In this section, you've learned a lot about importing, cleaning up, analyzing (using descriptive statistics) and visualizing data. In this cumulative lab, you'll get a chance to practice all of these skills with the Ames Housing dataset, which contains information about home sales in Ames, Iowa between 2006 and 2010.

Objectives

You will be able to:

  • Practice loading data with pandas
  • Practice calculating measures of centrality and dispersion with pandas
  • Practice creating subsets of data with pandas
  • Practice using data visualizations to explore data, and interpreting those visualizations
  • Perform a full exploratory data analysis process to gain insight about a dataset

Your Task: Explore the Ames Housing Dataset with Pandas

aerial photo of a neighborhood

Photo by Matt Donders on Unsplash

Data Understanding

Each record (row) in this dataset represents a home that was sold in Ames, IA.

Each feature (column) in this dataset is some attribute of that home sale. You can view the file data/data_description.txt in this repository for a full explanation of all variables in this dataset — 80 columns in total.

We are going to focus on the following features:

SalePrice: Sale price of the house in dollars

TotRmsAbvGrd: Total rooms above grade (does not include bathrooms)

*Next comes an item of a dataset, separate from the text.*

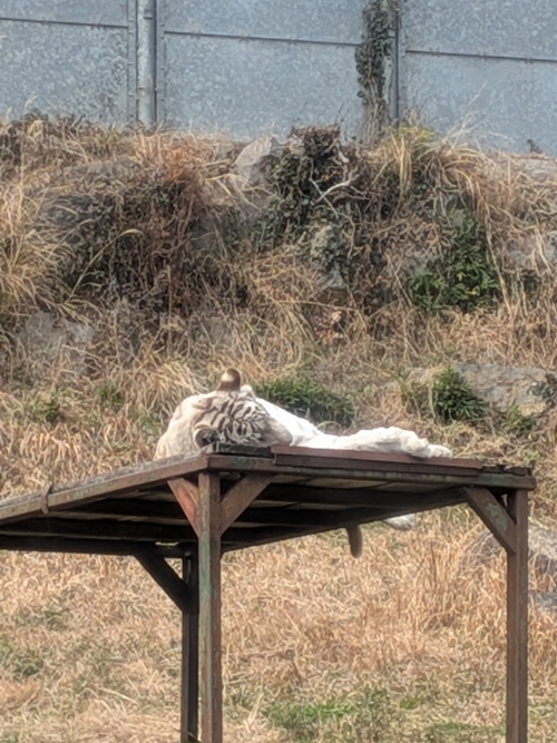 ここから見えるのは二匹のホワイトタイガーちゃんでしたが、二人とも同じ格好で爆睡しちゃってました😅
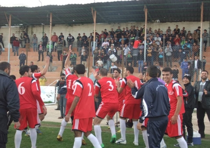 فرحة هستيرية للاعبي خدمات خانيونس مع الجماهير

OverallCond: Rates the overall condition of the house

       10	Very Excellent
       9	 Excellent
       8	 Very Good
       7	 Good
       6	 Above Average	
       5	 Average
       4	 Below Average	
       3	 Fair
       2	 Poor
       1	 Very Poor

YrSold: Year Sold (YYYY)

YearBuilt: Original construction date

LandSlope: Slope of property

       Gtl	Gentle slope
       Mod	Moderate Slope	
       Sev	Severe Slope

Requirements

In this lab you will use your data munging and visualization skills to conduct an exploratory analysis of the dataset.

1. Load the Dataset with Pandas

Import pandas with the standard alias pd and load the data into a dataframe with the standard name df.

2. Explore Data Distributions

Produce summary statistics, visualizations, and interpretive text describing the distributions of SalePrice, TotRmsAbvGrd, and OverallCond.

3. Explore Differences between Subsets

Separate the data into subsets based on OverallCond, then demonstrate how this split impacts the distribution of SalePrice.

4. Explore Correlations

Find the features that have the strongest positive and negative correlations with SalePrice, and produce plots representing these relationships.

5. Engineer and Explore a New Feature

Create a new feature Age, which represents the difference between the year sold and the year built, and plot the relationship between the age and sale price.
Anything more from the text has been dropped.